● **What you need to do**:
Please start at the first line of the records beneath and quote each line exactly, ending with the line containing "Gothic Halloween Skull".

Data entries:
>>>

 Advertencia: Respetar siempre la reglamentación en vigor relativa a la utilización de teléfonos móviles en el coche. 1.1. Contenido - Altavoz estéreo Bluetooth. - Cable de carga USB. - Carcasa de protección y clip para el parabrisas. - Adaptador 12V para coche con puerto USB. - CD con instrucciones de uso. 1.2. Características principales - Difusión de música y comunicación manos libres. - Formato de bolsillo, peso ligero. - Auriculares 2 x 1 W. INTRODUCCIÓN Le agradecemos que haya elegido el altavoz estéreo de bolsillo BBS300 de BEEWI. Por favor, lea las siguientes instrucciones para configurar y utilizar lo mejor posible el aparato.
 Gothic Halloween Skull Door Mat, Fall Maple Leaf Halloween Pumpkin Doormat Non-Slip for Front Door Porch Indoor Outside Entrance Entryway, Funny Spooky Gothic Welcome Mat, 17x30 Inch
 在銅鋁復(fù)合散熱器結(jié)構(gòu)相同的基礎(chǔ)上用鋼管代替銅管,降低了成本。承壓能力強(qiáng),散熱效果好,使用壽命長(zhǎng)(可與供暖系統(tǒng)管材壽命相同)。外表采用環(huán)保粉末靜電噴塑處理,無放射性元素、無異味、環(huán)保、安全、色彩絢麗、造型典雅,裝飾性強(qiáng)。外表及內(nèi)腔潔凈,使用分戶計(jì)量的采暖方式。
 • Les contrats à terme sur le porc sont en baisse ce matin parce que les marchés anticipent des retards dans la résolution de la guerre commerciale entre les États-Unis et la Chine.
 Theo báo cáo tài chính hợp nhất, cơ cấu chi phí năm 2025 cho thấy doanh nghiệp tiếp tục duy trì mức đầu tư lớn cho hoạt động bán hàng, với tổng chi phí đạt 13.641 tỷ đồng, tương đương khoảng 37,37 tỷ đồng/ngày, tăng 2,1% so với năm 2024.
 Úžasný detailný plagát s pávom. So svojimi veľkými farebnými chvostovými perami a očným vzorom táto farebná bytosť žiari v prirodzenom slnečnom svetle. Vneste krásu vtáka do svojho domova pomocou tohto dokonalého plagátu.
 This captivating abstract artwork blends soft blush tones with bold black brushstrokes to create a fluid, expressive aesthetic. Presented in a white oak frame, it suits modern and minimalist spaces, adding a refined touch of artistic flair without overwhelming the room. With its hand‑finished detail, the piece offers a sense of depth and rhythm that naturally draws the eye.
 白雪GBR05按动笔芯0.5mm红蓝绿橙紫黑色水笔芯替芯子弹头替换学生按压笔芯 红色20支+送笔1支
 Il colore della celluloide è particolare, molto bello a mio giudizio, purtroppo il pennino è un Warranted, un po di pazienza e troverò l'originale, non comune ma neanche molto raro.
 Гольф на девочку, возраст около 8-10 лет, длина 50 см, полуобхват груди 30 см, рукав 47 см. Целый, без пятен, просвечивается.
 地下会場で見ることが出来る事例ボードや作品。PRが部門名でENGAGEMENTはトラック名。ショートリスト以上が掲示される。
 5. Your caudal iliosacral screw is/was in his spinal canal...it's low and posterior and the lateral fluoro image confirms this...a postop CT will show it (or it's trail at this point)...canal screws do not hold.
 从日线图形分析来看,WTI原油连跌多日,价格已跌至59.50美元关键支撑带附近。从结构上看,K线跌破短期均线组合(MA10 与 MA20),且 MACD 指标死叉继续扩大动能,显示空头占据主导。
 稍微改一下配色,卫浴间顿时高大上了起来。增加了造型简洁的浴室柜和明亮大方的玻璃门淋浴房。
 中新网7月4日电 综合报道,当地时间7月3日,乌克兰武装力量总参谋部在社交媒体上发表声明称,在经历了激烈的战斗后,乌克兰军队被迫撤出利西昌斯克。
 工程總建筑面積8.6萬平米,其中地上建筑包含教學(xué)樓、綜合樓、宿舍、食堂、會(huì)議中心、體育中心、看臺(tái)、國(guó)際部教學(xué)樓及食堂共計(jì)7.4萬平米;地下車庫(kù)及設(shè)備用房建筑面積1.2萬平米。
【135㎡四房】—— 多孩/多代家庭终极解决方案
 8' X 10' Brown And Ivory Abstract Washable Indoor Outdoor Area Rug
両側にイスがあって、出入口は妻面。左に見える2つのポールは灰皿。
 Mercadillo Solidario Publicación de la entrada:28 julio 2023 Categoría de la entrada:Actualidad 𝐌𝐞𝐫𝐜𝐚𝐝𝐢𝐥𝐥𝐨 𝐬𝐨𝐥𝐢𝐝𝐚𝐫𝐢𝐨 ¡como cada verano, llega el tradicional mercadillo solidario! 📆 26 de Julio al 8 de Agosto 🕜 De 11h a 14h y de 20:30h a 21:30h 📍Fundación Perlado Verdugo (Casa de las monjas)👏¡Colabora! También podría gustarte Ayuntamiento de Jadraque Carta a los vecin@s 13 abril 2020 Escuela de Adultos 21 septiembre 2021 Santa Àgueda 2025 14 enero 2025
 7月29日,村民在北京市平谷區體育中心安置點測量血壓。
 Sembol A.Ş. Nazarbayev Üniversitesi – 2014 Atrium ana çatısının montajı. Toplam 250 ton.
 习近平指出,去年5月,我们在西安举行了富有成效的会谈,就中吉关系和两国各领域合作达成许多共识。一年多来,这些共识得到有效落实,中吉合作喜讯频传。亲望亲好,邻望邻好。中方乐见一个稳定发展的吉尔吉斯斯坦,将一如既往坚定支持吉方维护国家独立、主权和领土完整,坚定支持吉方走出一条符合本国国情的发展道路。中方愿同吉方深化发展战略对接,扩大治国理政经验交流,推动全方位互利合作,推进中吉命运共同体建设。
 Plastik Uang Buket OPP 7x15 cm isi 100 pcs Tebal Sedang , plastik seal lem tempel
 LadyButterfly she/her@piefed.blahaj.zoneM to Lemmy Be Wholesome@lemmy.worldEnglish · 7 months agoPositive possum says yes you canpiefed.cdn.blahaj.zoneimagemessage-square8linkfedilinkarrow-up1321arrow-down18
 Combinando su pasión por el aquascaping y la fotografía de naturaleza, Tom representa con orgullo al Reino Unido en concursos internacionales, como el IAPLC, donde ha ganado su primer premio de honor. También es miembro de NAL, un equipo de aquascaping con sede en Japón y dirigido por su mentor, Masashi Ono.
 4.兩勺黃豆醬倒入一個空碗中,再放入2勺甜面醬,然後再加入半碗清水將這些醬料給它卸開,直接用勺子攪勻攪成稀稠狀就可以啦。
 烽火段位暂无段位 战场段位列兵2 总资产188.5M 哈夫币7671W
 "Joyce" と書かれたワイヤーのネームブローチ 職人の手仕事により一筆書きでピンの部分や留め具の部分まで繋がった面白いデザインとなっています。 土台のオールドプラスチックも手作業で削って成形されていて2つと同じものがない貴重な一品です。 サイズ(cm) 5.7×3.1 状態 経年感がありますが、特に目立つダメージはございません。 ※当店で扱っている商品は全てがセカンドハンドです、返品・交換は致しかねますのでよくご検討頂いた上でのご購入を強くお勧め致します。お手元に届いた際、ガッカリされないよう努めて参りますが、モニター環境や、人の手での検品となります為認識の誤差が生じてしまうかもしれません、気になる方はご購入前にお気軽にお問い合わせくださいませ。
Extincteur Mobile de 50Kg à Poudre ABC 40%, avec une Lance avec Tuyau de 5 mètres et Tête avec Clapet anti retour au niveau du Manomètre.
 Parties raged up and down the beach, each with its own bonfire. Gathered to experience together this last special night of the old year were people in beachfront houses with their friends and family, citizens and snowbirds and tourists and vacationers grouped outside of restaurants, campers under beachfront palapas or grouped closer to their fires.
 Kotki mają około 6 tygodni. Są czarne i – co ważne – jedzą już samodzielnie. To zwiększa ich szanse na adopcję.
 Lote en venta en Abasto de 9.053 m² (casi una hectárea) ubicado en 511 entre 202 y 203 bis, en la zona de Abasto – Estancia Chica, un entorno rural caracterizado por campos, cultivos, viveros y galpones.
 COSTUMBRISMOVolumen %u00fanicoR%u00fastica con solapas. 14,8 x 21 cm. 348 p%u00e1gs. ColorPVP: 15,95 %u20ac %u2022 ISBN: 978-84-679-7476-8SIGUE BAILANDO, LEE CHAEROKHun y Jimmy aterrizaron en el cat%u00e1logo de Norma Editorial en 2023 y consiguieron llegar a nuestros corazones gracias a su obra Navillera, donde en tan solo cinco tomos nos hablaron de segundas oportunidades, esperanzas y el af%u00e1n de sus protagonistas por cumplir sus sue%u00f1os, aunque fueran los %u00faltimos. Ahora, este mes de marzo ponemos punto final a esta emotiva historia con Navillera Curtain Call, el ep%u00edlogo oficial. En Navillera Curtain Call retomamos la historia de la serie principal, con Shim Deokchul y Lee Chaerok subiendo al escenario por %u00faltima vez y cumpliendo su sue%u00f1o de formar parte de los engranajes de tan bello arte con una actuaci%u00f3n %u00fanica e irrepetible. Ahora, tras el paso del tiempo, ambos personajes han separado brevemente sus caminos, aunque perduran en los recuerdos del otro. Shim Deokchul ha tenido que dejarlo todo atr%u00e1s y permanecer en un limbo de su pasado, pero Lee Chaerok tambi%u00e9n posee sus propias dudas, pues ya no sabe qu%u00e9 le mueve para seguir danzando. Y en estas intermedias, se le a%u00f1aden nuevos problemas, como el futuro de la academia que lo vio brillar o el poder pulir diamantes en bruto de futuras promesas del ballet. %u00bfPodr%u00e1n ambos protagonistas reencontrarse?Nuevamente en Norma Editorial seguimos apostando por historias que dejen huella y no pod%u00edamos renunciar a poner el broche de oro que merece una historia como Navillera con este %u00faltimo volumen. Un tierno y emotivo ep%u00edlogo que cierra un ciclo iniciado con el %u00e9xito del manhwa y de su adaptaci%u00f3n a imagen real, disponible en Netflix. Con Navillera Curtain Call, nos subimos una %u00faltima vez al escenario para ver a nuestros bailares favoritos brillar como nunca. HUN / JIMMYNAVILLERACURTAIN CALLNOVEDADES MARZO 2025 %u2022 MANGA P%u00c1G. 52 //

<<<

● **Solution to this task**:
 Advertencia: Respetar siempre la reglamentación en vigor relativa a la utilización de teléfonos móviles en el coche. 1.1. Contenido - Altavoz estéreo Bluetooth. - Cable de carga USB. - Carcasa de protección y clip para el parabrisas. - Adaptador 12V para coche con puerto USB. - CD con instrucciones de uso. 1.2. Características principales - Difusión de música y comunicación manos libres. - Formato de bolsillo, peso ligero. - Auriculares 2 x 1 W. INTRODUCCIÓN Le agradecemos que haya elegido el altavoz estéreo de bolsillo BBS300 de BEEWI. Por favor, lea las siguientes instrucciones para configurar y utilizar lo mejor posible el aparato.
 Gothic Halloween Skull Door Mat, Fall Maple Leaf Halloween Pumpkin Doormat Non-Slip for Front Door Porch Indoor Outside Entrance Entryway, Funny Spooky Gothic Welcome Mat, 17x30 Inch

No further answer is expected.